The National Assembly is bicameral with the lower house, the Chamber of Deputies, having 40 members elected in single-seat constituencies for a four-year term. The upper house, the Shura Council, has 40 members appointed by the King of Bahrain, with the stated aim of giving a voice to minority communities and technocratic experts within the legislative process. Supporters of the system refer to long established democracies the United Kingdom and Canada operating with this bicameralism with an appointed upper chamber and an elected lower chamber. Opponents of this system point out that unlike the bicameral systems in the UK and Canada, the Bahraini system gives the unelected upper house equal or more legislative power than the elected lower house, allowing the King to control all legislation. Opponents also point out that the current system was imposed unilaterally by the King, violating the 1973 Constitution and a 2001 signed agreement with the Bahraini opposition.
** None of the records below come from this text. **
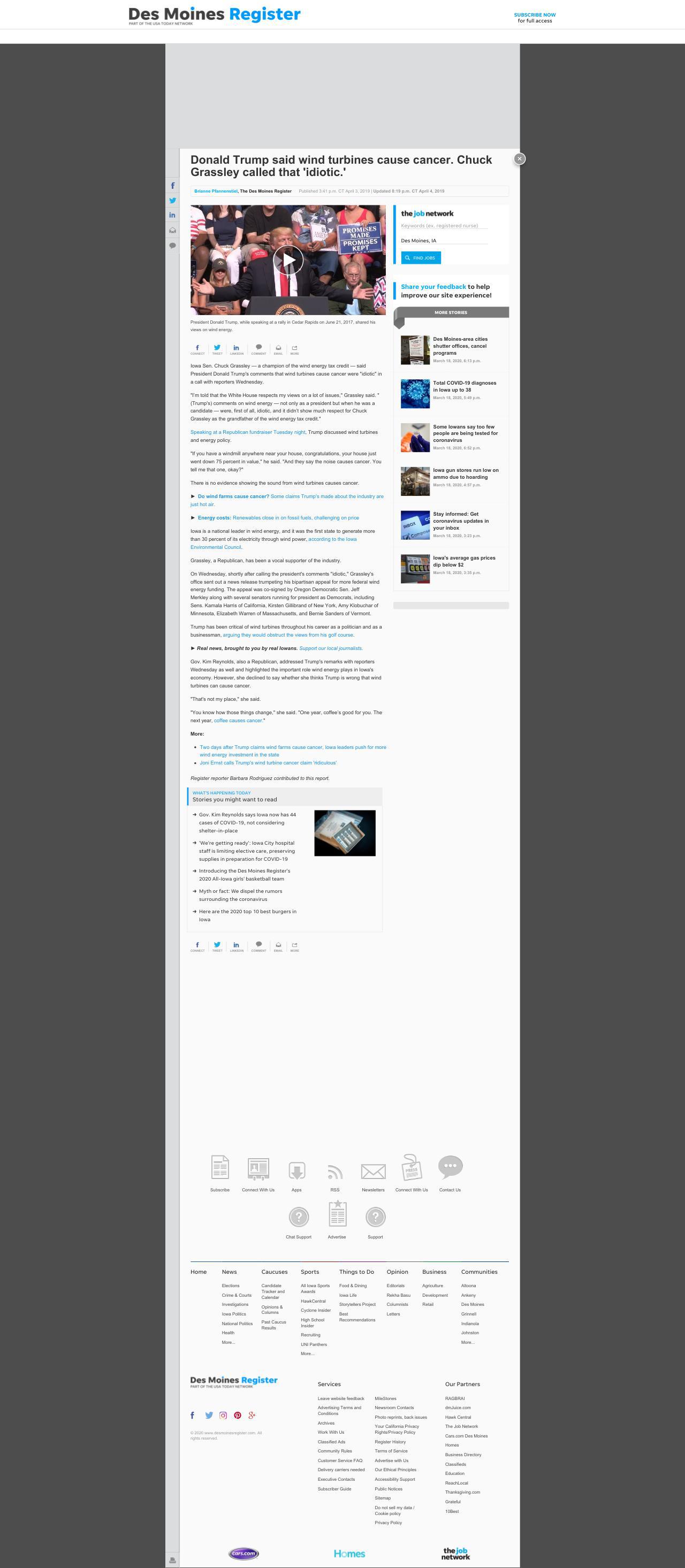 Title:Brianne PfannenstielDonald Trump said wind turbines cause cancer. Chuck Grassley called that 'idiotic'.
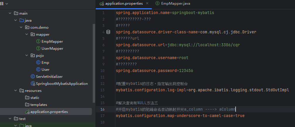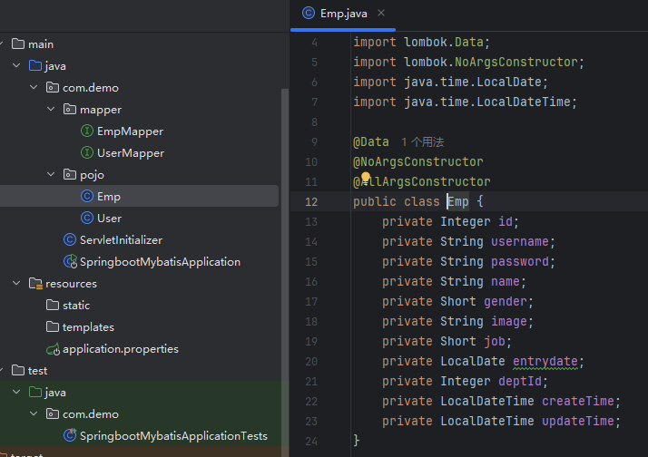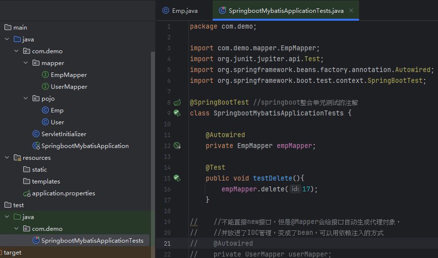 简单来说就是测试类调用接口对象进行数据增删改查,多了个Emp实体类是用来临时存放数据的,
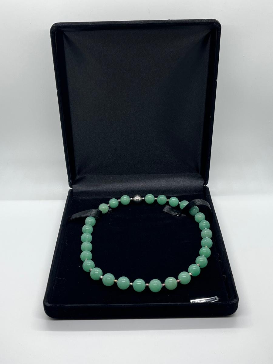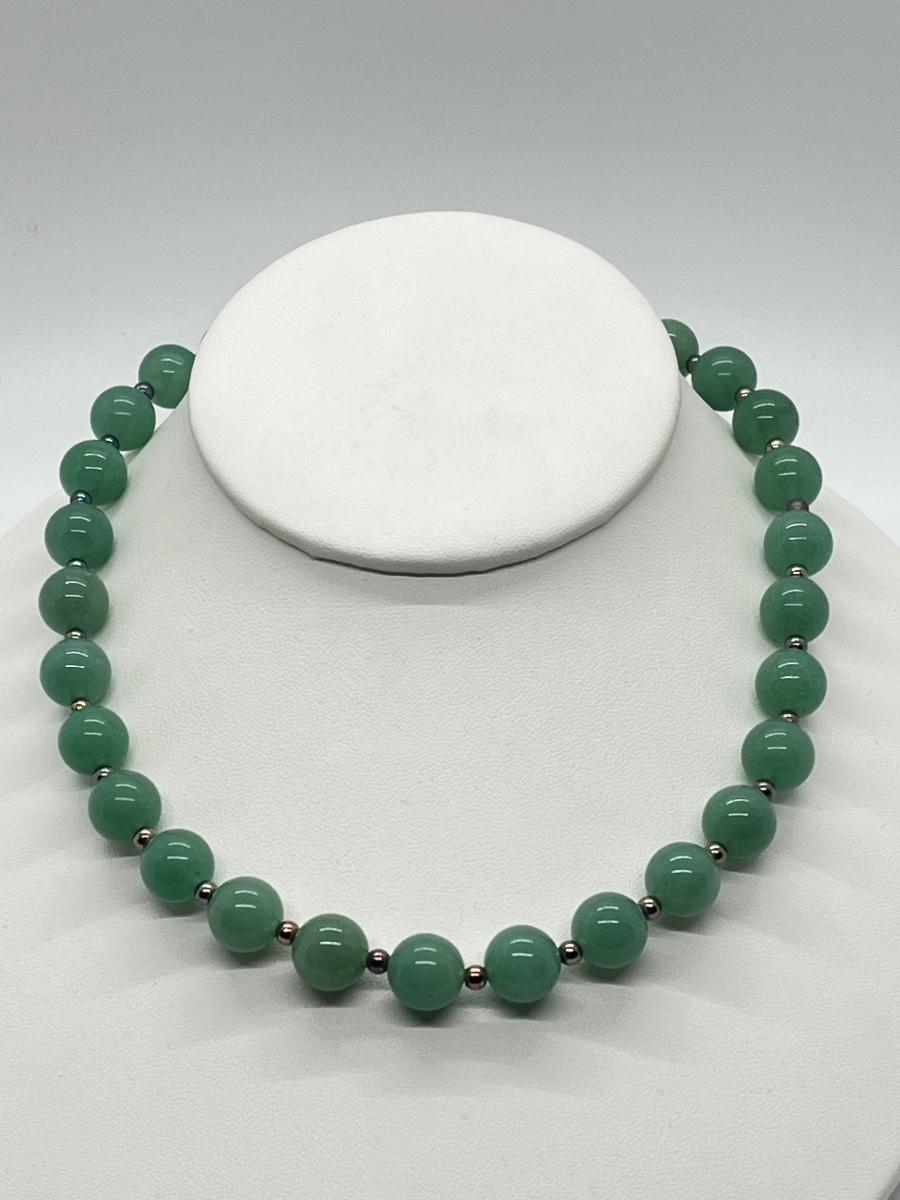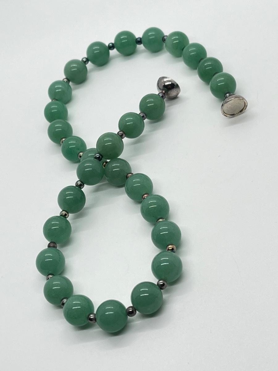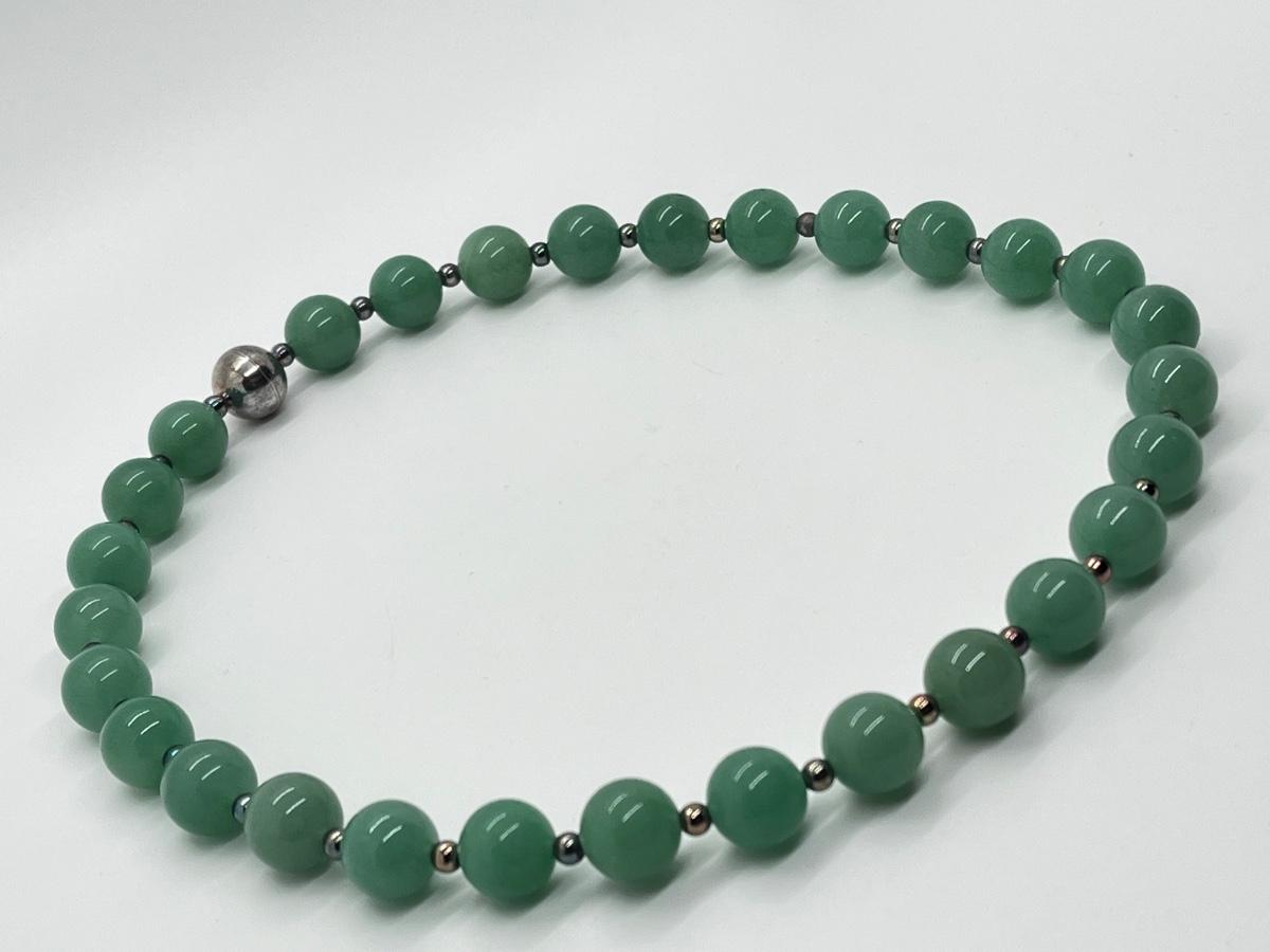 LOT 76: Sterling Silver & Aventurine Gemstone Bead 18" Necklace w/ Magnetic Clasp
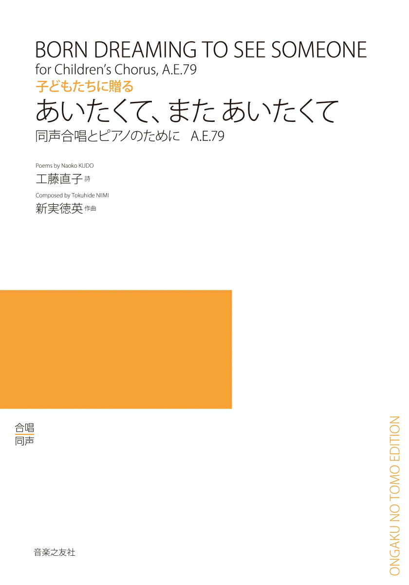![同声合唱とピアノのためのあいたくて、またあいたくて子どもたちに贈るA.E.79[工藤直子]](https://tshop.r10s.jp/book/cabinet/8281/9784276558281.jpg)
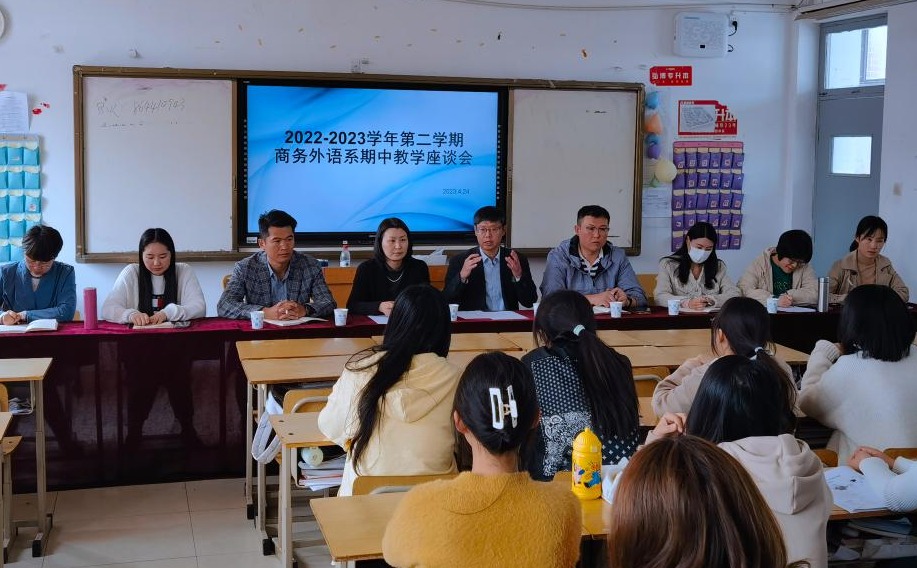 为全面了解教学运行情况,及时发现并解决教学过程中存在的问题,商务外语系于4月24日、25日在2号教学楼B407教室召开期中教学座谈会。国际交流处、教务处、马克思主义学院相关负责人,商务外语系领导班子、各专业带头人、教研室主任、骨干教师代表、各班学生代表参加了座谈会。
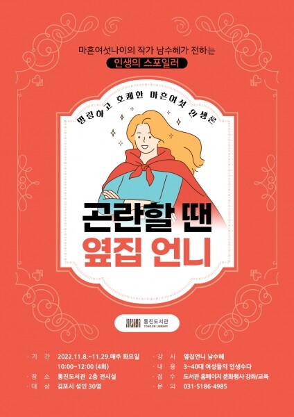 남 작가의 저서 중에는 강의 제목과 같은 ‘곤란할 땐, 옆집 언니’가 있다.
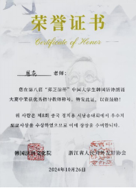 10月26日,第八届郑芝溶杯中国大学生韩国语诗朗诵大赛决赛在杭州师范大学举行。经过一天激烈的角逐,我院朝鲜语系22级学生曾茹月、池天慧喜获二等奖,朝鲜语系崔花老师获得优秀指导教师奖。
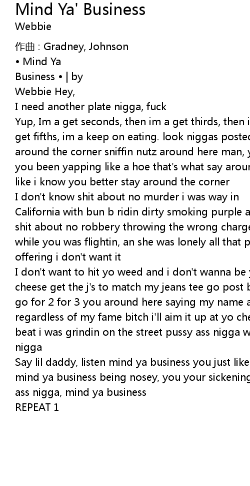 | Say lil daddy, listen mind ya business you just like one of these lil bitches, mind ya business being nosey, you your sickening, mind ya business ole police ass nigga, mind ya business | |
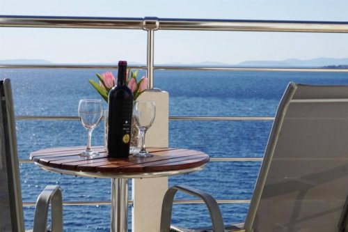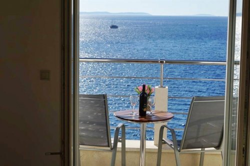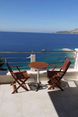 luxusní apartmánová vila kategorie se nachází přímo nad krásnou pláží s jemnými oblázky. Pláž je přístupná po schodišti přímo od domu. Všechny apartmány jsou orientované směrem na moře a ze všech balkónů je krásný výhled na moře. Vila je přístupná osobním autem s možností parkování přímo u domu (garáž a stání pro 2 auta), další místa nebo místa pro větší auta jsou na privátním parkovišti asi 100 m od domu. Parkování je zdarma.
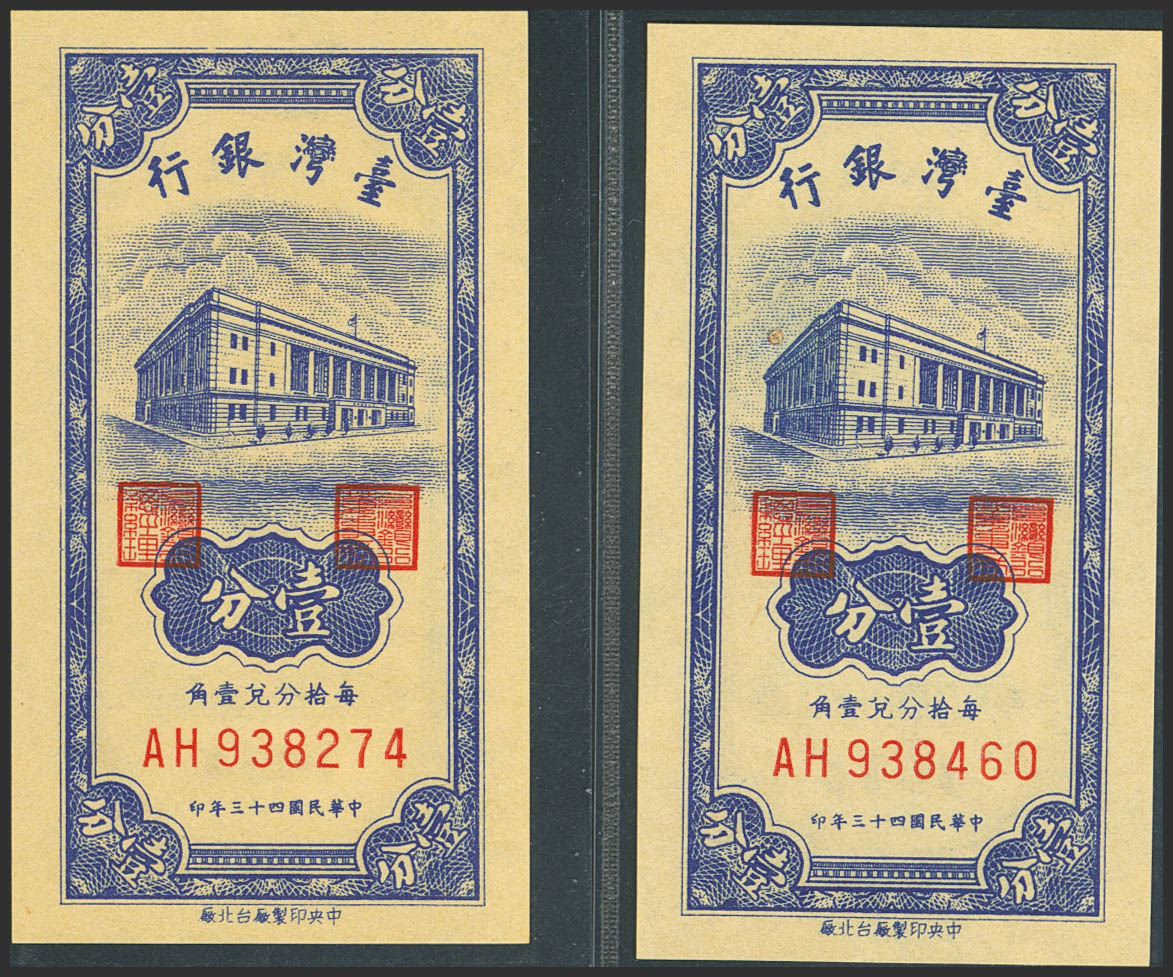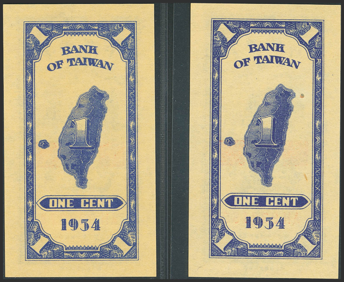 TAIWAN. Lot of 2 notes of 1 Cent. 1954. Bank of Taiwan. (Pick: 1963). Uncirculated.

Bahrain's electoral framework is unfair, with electoral districts deliberately designed to underrepresent Shiites, who form a majority of the citizen population. The government has also allegedly drawn district boundaries to put certain political societies, including leftist and Sunni Islamist groups, at a disadvantage. The government agency responsible for administering elections is not an independent and is headed by the justice minister, a member of the royal family.

==Latest elections==

Six candidates, one of them female, were announced to have won seats in the first round; the remaining seats had to be contested in second-round runoff votes. The government reported that turnout among eligible voters was 73%, up from 67% in the 2018 election.